Here’s the best ways we’ve come up with to celebrate Top Gun Day in Newport this year:

1. Play some beach volleyball


Get a few guy friends together (no girls allowed), take off your shirts, get yourselves all covered with sweat and sand, pin each other in the occasion headlock when you lose a game and chastise anyone who might want to leave to see a female.

 2. Grab a live mic and serenade someone

Top Gun Lost that lovin

Tonight, there are really two places you can pull this off. You can go to O’Brien’s for video karaoke and tell them that you want to sing “You’ve Lost That Lovin’ Feeling” with the music muted…or you can head to the Gas Lamp for Cocktail Wars and see if Burns might have left the mic on in between announcements.

Here’s a fun fact: “You’ve Lost That Lovin’ Feeling” was originally released by the Righteous Brothers in 1964. Top Gun revived 22 years later when it was released in 1986…which means the song has been famous for being in Top Gun for longer than it was famous in its own right.

3. Grab a beer to put those flames out


If that approach doesn’t work for a 22-year old Tom Cruise in Navy whites, there are several conclusions that can be drawn:

  1. Being short really is a deal-breaker.
  2. She’s a lesbian.
  3. It’s not going to work for you.

4. Follow a woman into an empty ladies room…without getting arrested

Top Gun Bathroom

An empty ladies room at a crowded bar may in fact exist, but there’s a good chance that when you follow her inside in what would get you labelled “Newport’s Biggest Creep” all over social media for at least 48 hours.

Of course, finding an empty ladies room when you’re at a club that’s at capacity is kind of unlikely. We’re not going to say impossible, but if you do find it, say hello to the unicorn and the Loch Ness Monster while you’re there.

5. Speak Top Gun

Because we’re red-blooded Americans, we’ve seen Top Gun something around 500 times. This means that if we’re with other freedom-loving Americans, we can start speaking Top Gun, where every sentence is integrated into a Top Gun quote.

For example, if the bartenders at tonight’s Cocktail Wars were to be talking trash, they could say:

“No, no…there’s two “O”s in “Bartolome”


“Holy sh*t, it’s Nicolas Lima!”
“I bet he’s saying ‘Holy sh*t it’s Tori and Michelle’.”
“Yeah, I’m sure he’s saying that…”

and of course…

“I feel the need…THE NEED FOR JAMO!” *High-Five*

“Too drunk for shots, switching to beer.”

“YOU! You can be my bartender anytime.”
“Bullsh*t, you can be mine.”

“We’ve got a problem here. We’ve only got money for one drink left…”

6. Keep up foreign relations


This requires a little work and the right location.

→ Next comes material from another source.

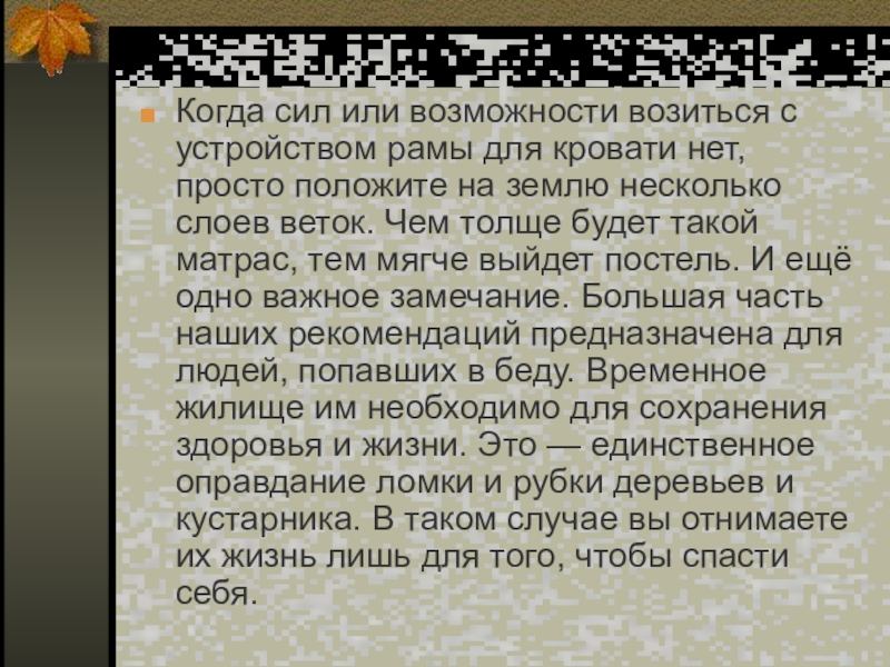 просто положите на землю несколько слоев веток. Чем толще будет такой матрас, тем мягче выйдет постель. И ещё одно важное замечание. Большая часть наших рекомендаций предназначена для людей, попавших в беду. Временное жилище им необходимо для сохранения здоровья и жизни. Это — единственное оправдание ломки и рубки деревьев и кустарника. В таком случае вы отнимаете их жизнь лишь для того, чтобы спасти себя.
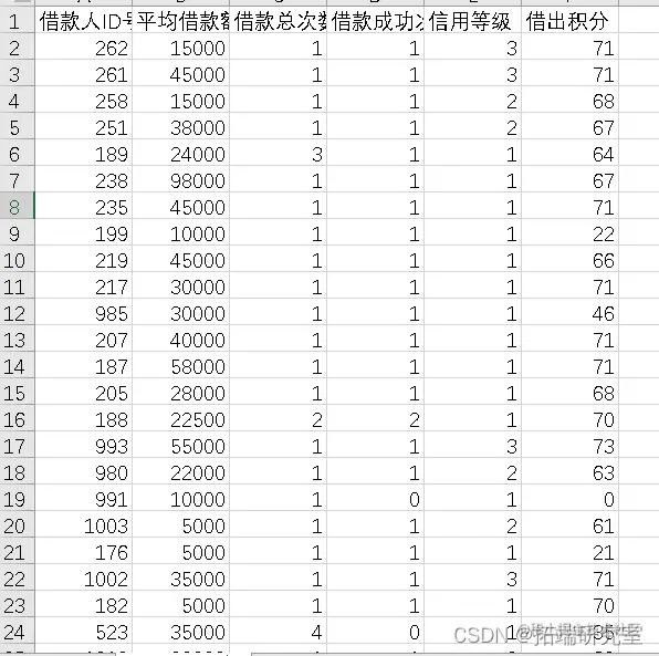 通过对数据源中借款人信息的整合,得到了用户活动数据,包括用户的借款次数、成功借款次数、信用等级、借款总额等信息。为了了解平台用户的不同行为模式与特征,这里本文选取借款人ID号、平均借款额度、借款总次数、借款成功次数、信用等级、借出积分(借款人作为出借人进行借贷所获得的借出积分)作为聚类变量。

First, you need to find some of Newport’s fine Eastern European imports who are busting one of your buddy’s balls. Then you need to hang upside down from the balcony above them and give them the bird (“you know, the finger”) with your best friend, who is also hanging upside down just behind you, takes a pic of them to put on Instagram.

There’s a good chance that you might die.

7. Remember one thing…

And gentlemen…

Good luck, gentlemen.

-Tristan Pinnock, Blast Naval Aviation Correspondent

Tristan's just this guy, ya know?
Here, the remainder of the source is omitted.